La seconda, rescissoria, solo eventuale, che fa seguito all’eventuale annullamento ed in cui il giudice ordinario procede alla ricostruzione del fatto sulla base delle prove dedotte (Cass. Ord. n. 9387 del 2018).
E’ in sede rescindente che il giudizio è diretto all’accertamento di una delle eventuali nullità in cui siano incorsi gli arbitri tassativamente elencate dall’art. 829 c.p.c. e pronunciabili esclusivamente per determinati errori in procedendo nonché per inosservanza delle regole di diritto ma nei limiti previsti dal comma 3. Solo superato questo stadio, potrà aversi luogo alla fase rescissoria con facoltà per il giudice dell’impugnazione di riesame del merito delle domande e comunque nei limiti del petitum e delle causae petendi dedotte dinanzi agli arbitri. Con la conseguenza che la sua natura ed i suoi limiti non consentono non solo domande nuove rispetto a quelle proposte agli arbitri e contenute nei quesiti, ma neppure censure diverse da quelle specificamente individuate e tipiche consentite dall’art. 829; e che il giudizio circa la loro ammissibilità devoluto al giudice dell’impugnazione deve necessariamente concretarsi nell’apprezzare se le contestazioni formulate corrispondano esattamente o meno ai casi di impugnabilità stabiliti dall’art. 829 cit. ( Cass. sent. n. 20880/2010; Cass. sent. n. 12199/2012).
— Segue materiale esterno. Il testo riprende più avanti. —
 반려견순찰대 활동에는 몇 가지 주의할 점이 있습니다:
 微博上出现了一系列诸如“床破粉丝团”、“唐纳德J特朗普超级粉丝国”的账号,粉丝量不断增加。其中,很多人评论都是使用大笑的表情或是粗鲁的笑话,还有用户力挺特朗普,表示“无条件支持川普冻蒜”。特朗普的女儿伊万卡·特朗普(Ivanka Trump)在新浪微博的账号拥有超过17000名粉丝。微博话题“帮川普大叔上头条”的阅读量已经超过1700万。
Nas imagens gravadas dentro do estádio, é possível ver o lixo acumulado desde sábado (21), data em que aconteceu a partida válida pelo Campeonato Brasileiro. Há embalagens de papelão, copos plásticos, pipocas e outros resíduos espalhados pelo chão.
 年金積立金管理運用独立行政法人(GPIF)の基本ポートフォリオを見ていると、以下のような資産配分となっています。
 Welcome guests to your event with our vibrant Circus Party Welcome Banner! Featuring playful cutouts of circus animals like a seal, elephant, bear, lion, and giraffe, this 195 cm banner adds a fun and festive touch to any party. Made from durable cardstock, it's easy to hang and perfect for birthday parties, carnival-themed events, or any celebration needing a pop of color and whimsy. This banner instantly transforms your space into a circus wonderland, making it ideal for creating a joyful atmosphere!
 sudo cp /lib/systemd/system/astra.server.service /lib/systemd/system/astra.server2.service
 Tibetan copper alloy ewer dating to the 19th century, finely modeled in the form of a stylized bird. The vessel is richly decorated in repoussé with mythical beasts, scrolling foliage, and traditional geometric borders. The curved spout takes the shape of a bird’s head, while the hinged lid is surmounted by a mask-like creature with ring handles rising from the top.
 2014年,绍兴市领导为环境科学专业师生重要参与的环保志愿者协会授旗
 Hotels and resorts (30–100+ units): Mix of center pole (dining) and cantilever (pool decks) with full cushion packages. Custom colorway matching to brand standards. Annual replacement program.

La novella di cui al D. Lgs. 40/06 ha poi ridotto le ipotesi in cui alla pronuncia rescindente debba conseguire la fase rescissoria, direttamente ad opera del giudice adito con l’impugnazione di nullità. Infatti l’attuale testo dell’art. 830, comma 2, c.p.c., stabilisce che nei casi di accoglimento della domanda per i motivi previsti dall’art. 829, comma 1, nn. 1, 2, 3 e 4, la Corte non debba dar luogo alla ulteriore fase rescindente.